**Your objective:**
From the line with "4月10日(木)朝の集会の時" to the line with "Заменяет собой: |", output every line below exactly, both ends included. Skip the pictures.

**Data provided:**
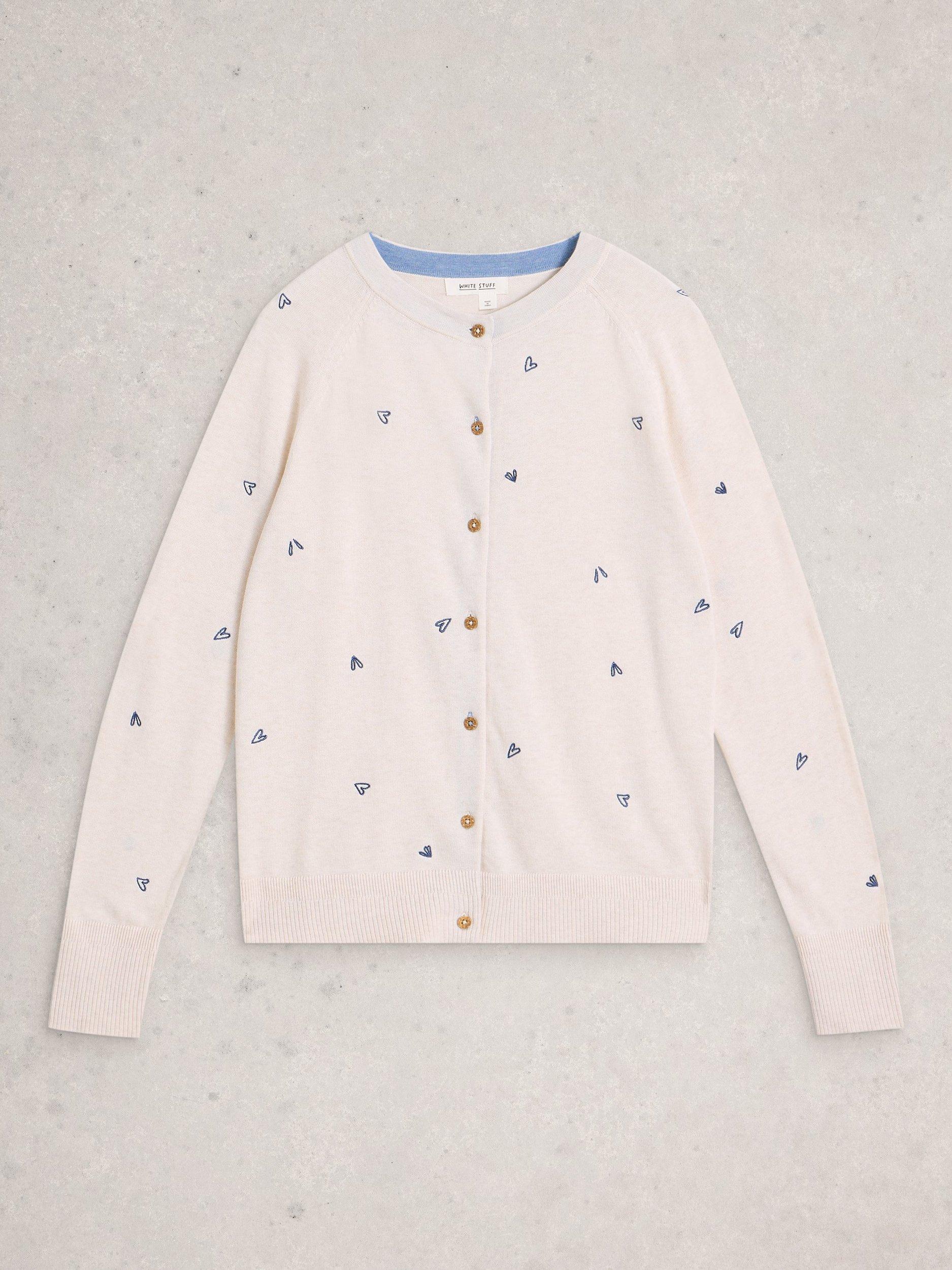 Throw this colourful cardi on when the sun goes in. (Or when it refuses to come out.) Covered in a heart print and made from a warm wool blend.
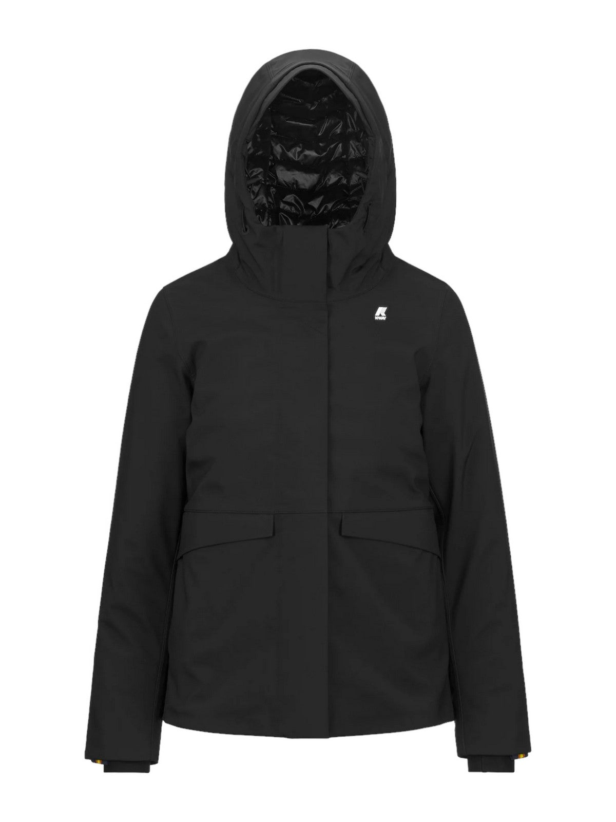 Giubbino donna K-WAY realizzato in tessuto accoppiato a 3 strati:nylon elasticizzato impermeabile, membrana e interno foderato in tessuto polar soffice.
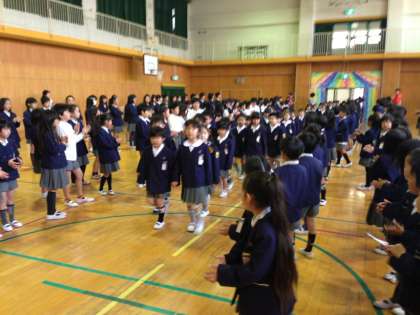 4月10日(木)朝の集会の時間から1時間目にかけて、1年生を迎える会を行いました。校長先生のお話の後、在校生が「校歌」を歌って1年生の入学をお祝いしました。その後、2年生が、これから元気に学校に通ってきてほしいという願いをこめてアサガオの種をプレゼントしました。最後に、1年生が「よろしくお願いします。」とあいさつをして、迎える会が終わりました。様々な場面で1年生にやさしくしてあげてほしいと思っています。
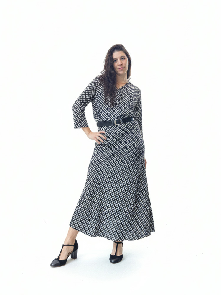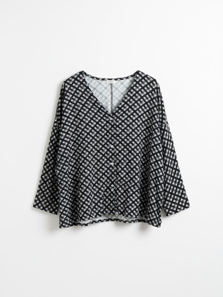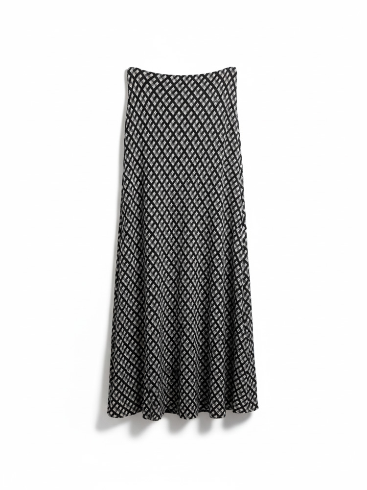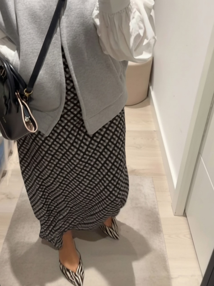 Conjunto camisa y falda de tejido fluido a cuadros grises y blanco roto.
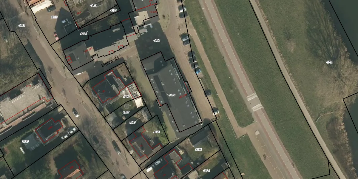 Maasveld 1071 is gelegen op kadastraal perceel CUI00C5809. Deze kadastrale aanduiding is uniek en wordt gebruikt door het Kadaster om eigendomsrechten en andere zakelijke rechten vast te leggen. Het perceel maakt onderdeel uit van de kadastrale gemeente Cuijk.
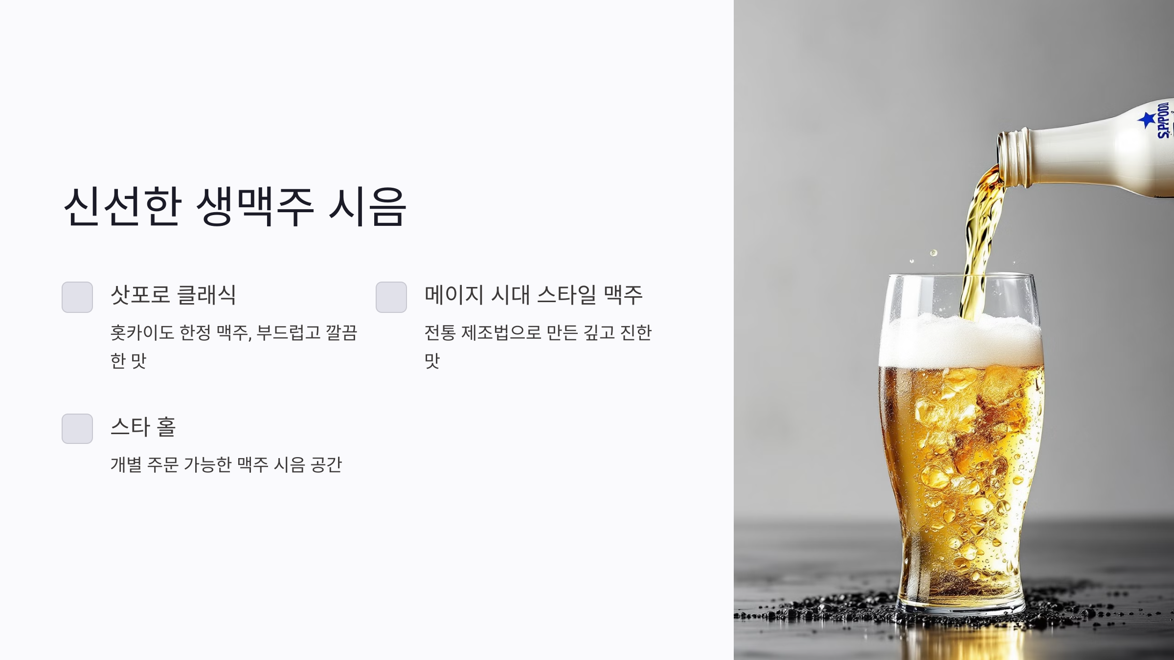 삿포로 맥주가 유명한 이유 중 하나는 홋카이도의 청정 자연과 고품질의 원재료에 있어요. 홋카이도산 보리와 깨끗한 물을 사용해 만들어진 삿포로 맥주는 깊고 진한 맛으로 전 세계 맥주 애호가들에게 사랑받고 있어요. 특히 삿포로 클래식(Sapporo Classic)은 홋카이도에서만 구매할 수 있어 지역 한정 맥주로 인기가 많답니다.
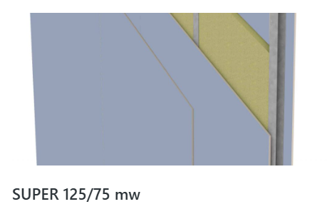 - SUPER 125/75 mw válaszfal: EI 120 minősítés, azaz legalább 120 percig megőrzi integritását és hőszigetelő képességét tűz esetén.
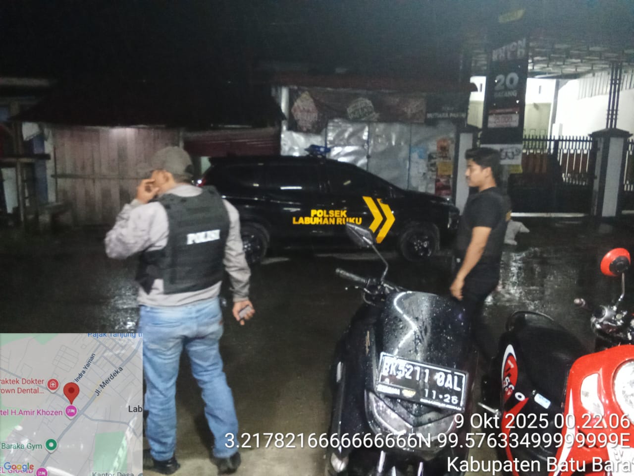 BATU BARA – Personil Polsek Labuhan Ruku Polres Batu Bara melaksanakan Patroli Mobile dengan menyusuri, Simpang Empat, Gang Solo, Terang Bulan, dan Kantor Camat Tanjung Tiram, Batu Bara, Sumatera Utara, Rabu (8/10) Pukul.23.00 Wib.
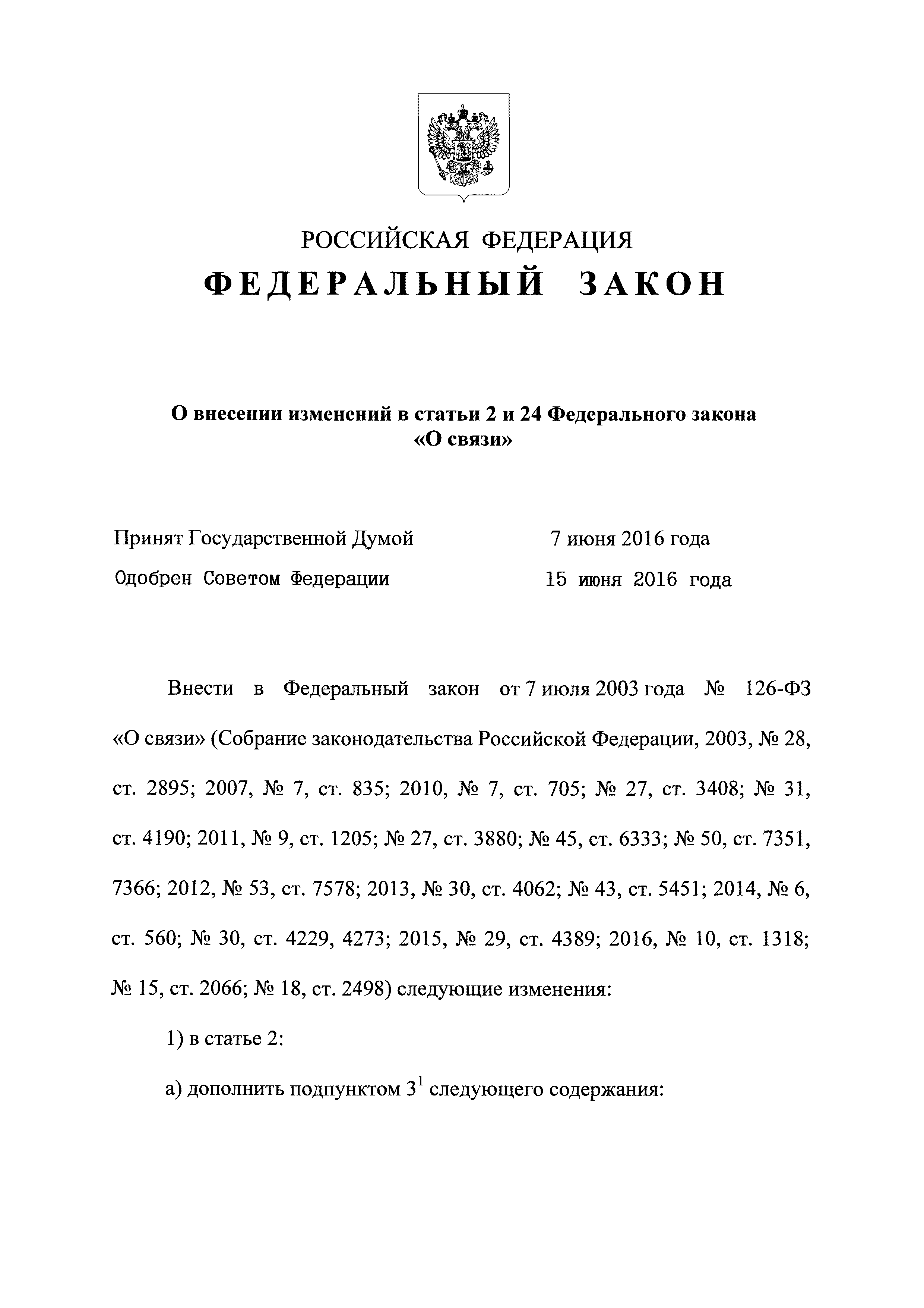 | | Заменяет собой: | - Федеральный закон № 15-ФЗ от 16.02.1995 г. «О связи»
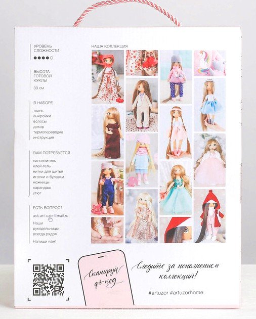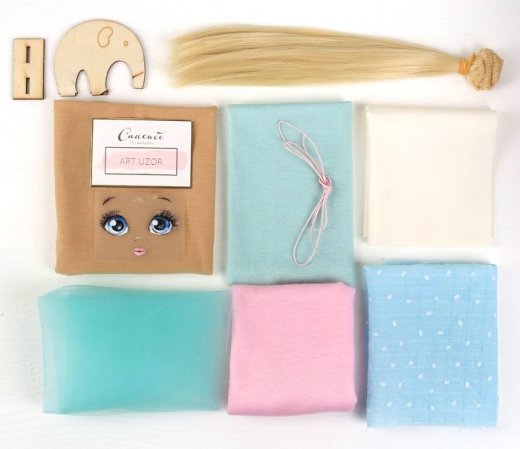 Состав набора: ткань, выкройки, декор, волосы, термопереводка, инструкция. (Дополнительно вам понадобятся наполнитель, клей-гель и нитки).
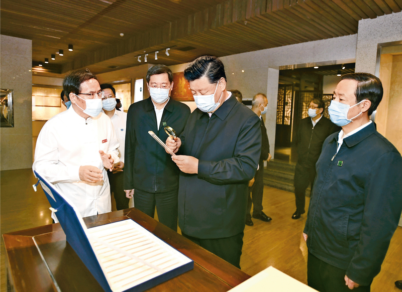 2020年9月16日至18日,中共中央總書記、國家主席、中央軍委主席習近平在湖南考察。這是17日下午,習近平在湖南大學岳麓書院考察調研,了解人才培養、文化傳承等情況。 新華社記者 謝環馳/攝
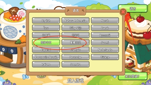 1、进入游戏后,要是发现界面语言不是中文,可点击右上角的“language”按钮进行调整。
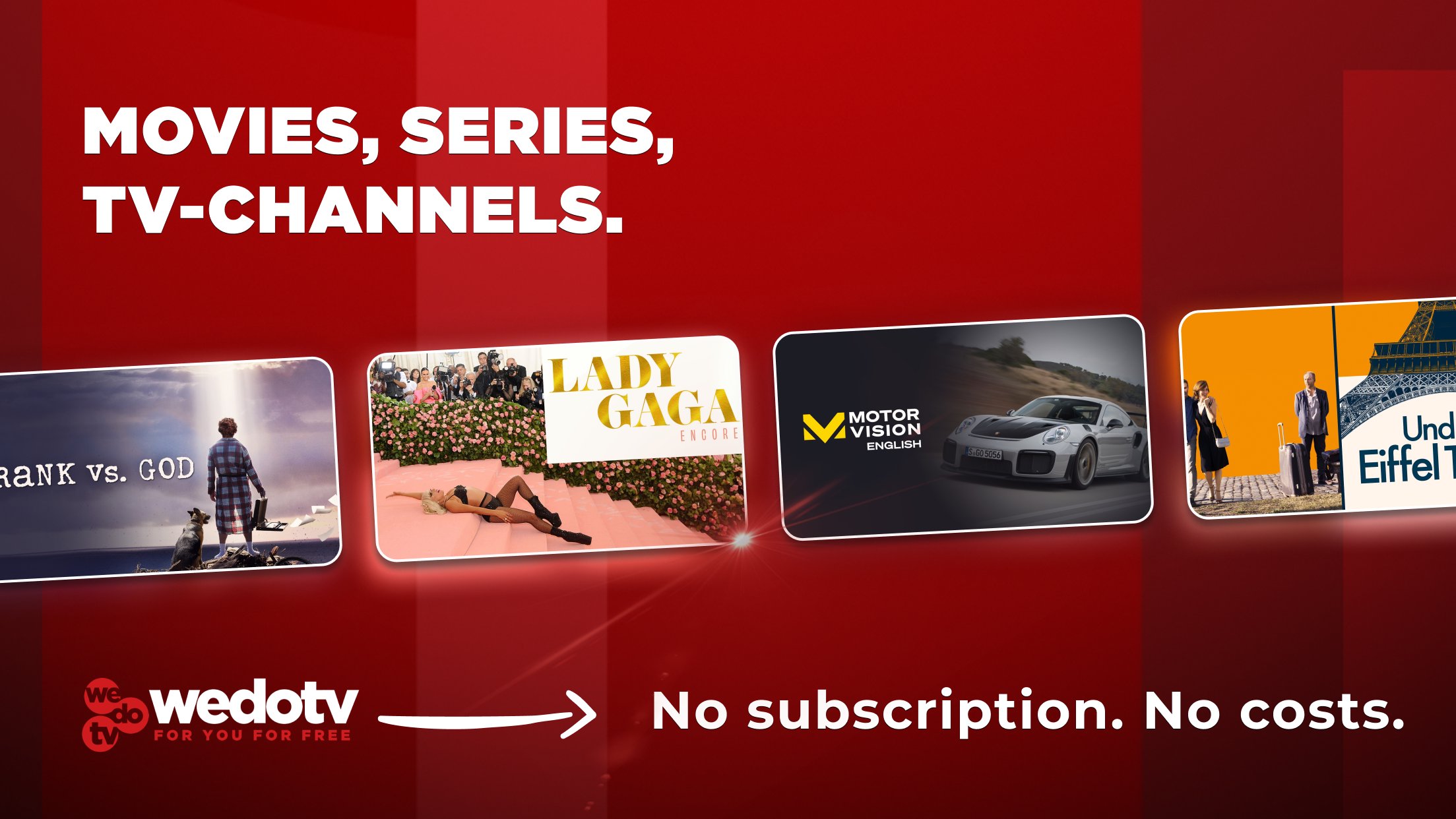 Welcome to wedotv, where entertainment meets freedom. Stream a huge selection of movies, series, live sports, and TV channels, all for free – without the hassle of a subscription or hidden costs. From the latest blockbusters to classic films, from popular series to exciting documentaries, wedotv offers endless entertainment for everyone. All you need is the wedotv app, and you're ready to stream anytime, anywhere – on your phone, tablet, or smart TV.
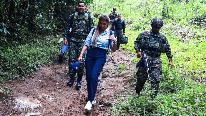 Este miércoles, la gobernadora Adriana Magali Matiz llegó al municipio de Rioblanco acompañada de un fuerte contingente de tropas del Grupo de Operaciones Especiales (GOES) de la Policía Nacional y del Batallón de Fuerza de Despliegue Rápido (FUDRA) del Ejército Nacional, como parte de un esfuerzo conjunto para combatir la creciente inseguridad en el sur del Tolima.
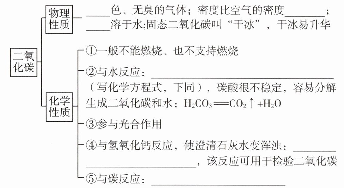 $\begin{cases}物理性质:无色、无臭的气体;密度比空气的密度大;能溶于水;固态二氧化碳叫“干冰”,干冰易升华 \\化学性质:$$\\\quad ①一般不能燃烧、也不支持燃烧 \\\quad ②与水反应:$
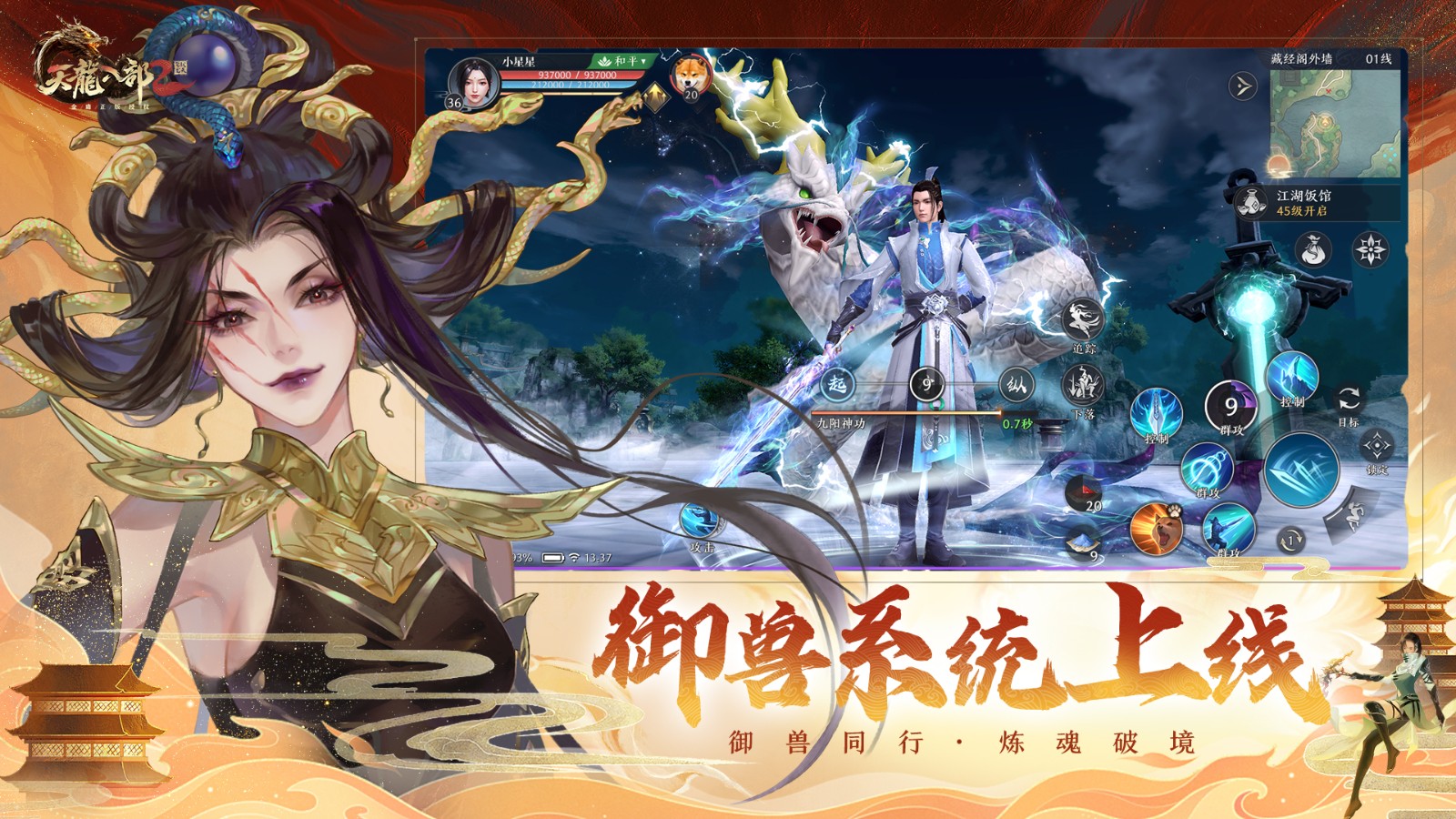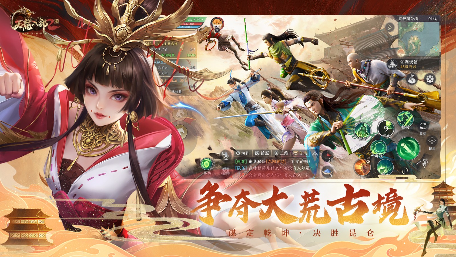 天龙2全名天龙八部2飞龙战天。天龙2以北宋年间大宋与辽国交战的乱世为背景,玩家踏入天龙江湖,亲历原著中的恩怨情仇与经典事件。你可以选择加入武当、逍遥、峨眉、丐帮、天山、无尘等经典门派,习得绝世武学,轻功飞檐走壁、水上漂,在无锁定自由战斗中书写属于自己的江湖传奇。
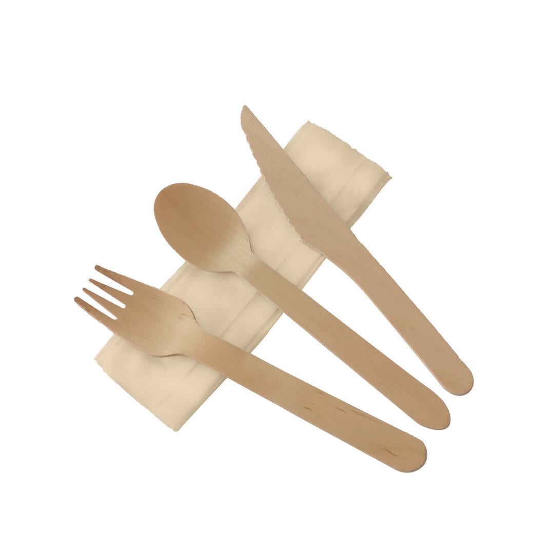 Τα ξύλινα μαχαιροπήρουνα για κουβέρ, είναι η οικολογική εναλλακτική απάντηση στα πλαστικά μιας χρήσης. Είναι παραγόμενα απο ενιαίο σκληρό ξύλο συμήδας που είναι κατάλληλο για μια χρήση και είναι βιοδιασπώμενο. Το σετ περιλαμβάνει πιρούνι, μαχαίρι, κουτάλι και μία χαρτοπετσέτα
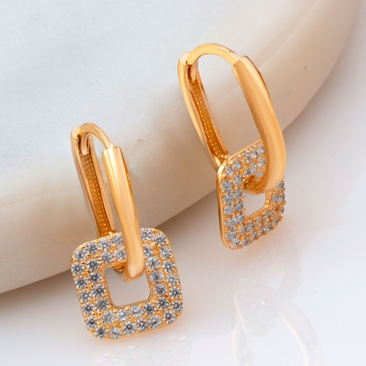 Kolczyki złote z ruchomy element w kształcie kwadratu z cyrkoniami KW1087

**Task solution:**
 4月10日(木)朝の集会の時間から1時間目にかけて、1年生を迎える会を行いました。校長先生のお話の後、在校生が「校歌」を歌って1年生の入学をお祝いしました。その後、2年生が、これから元気に学校に通ってきてほしいという願いをこめてアサガオの種をプレゼントしました。最後に、1年生が「よろしくお願いします。」とあいさつをして、迎える会が終わりました。様々な場面で1年生にやさしくしてあげてほしいと思っています。
 Conjunto camisa y falda de tejido fluido a cuadros grises y blanco roto.
 Maasveld 1071 is gelegen op kadastraal perceel CUI00C5809. Deze kadastrale aanduiding is uniek en wordt gebruikt door het Kadaster om eigendomsrechten en andere zakelijke rechten vast te leggen. Het perceel maakt onderdeel uit van de kadastrale gemeente Cuijk.
 삿포로 맥주가 유명한 이유 중 하나는 홋카이도의 청정 자연과 고품질의 원재료에 있어요. 홋카이도산 보리와 깨끗한 물을 사용해 만들어진 삿포로 맥주는 깊고 진한 맛으로 전 세계 맥주 애호가들에게 사랑받고 있어요. 특히 삿포로 클래식(Sapporo Classic)은 홋카이도에서만 구매할 수 있어 지역 한정 맥주로 인기가 많답니다.
 - SUPER 125/75 mw válaszfal: EI 120 minősítés, azaz legalább 120 percig megőrzi integritását és hőszigetelő képességét tűz esetén.
 BATU BARA – Personil Polsek Labuhan Ruku Polres Batu Bara melaksanakan Patroli Mobile dengan menyusuri, Simpang Empat, Gang Solo, Terang Bulan, dan Kantor Camat Tanjung Tiram, Batu Bara, Sumatera Utara, Rabu (8/10) Pukul.23.00 Wib.
 | | Заменяет собой: | - Федеральный закон № 15-ФЗ от 16.02.1995 г. «О связи»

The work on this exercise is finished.